A variable transformer is like an ordinary transformer except
that, if a keyword associated with a variable transformer appears on
the left-hand side of a {\cf set!} expression, an exception is
not raised.
Instead, \var{proc} is called with a
wrapped syntax object representing the entire {\cf set!} expression as
its argument, and its return value replaces the entire {\cf set!}
expression.
\implresp The implementation must check the restrictions on \var{proc}
only to the extent performed by applying it as described.
An
implementation may check whether \var{proc} is an appropriate argument
before applying it.
\end{entry}
\section{Parsing input and producing output}
\label{syntaxcasesection}
Transformers can destructure their input with {\cf syntax-case} and rebuild
their output with {\cf syntax}.
\begin{entry}{%
\pproto{(syntax-case \hyper{expression} (\hyper{literal} \dotsfoo)}{\exprtype}
\mainschindex{syntax-case}{\tt\obeyspaces%
\hspace{2em}\hyper{syntax-case clause} \dotsfoo)}\\
\litprotonoindex{\_}
\litprotonoindex{...}}\schindex{\_}\schindex{...}
\syntax Each \hyper{literal} must be an identifier.
Each \hyper{syntax-case clause} must take one of the following two forms.
\begin{scheme}
(\hyper{pattern} \hyper{output expression})
(\hyper{pattern} \hyper{fender} \hyper{output expression})%
\end{scheme}
\hyper{Fender} and \hyper{output expression} must be
\hyper{expression}s.
A \hyper{pattern} is an identifier, constant, or one of the following.
\begin{schemenoindent}
(\hyper{pattern} \ldots)
(\hyper{pattern} \hyper{pattern} \ldots . \hyper{pattern})
(\hyper{pattern} \ldots \hyper{pattern} \hyper{ellipsis} \hyper{pattern} \ldots)

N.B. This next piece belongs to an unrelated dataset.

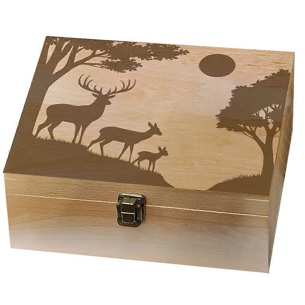 1 Pc Wooden Memory Keepsake Box, A Family of Three Deer in The Forest with The Sun Storage Decorative Memory Wooden Box with Hinge Lids for Photos DVD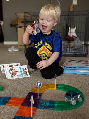 [This review was collected as part of a promotion.] I got this for my nephew and he had so much fun with it! The magnetic tiles are easy to snap together ,no need to align like regular car /train tracks and he loved building different race tracks. The battery powered trucks (red and blue) zoom around with lights looks so much fun, which made it even more exciting. It's a great mix of creativity and fun for younger kids too. Just a heads up, some of the small pieces like signs can be a bit fragile and the truck lights may stop working if the batteries run low quickly, so keep batteries in stock. Overall, I find it a fun and engaging set that keeps kids entertained and lets them build their own race world.

(\hyper{pattern} \ldots \hyper{pattern} \hyper{ellipsis} \hyper{pattern} \ldots . \hyper{pattern})
\#(\hyper{pattern} \ldots)
\#(\hyper{pattern} \ldots \hyper{pattern} \hyper{ellipsis} \hyper{pattern} \ldots)%
\end{schemenoindent}
An \hyper{ellipsis} is the identifier ``{\cf ...}'' (three periods).\schindex{...}
An identifier appearing within a \hyper{pattern} may be an underscore
(~{\cf \_}~), a literal identifier listed in the list of literals
{\cf (\hyper{literal} \dotsfoo)}, or an ellipsis (~{\cf ...}~).
All other identifiers appearing within a \hyper{pattern} are
\textit{pattern variables\mainindex{pattern variable}}.
It is a syntax violation if an ellipsis or underscore appears in {\cf (\hyper{literal} \dotsfoo)}.
{\cf \_} and {\cf ...} are the same as in the \rsixlibrary{base} library.
Pattern variables match arbitrary input subforms and
are used to refer to elements of the input.
It is a syntax violation if the same pattern variable appears more than once in a
\hyper{pattern}.
Underscores also match arbitrary input subforms but are not pattern variables
and so cannot be used to refer to those elements.
Multiple underscores may appear in a \hyper{pattern}.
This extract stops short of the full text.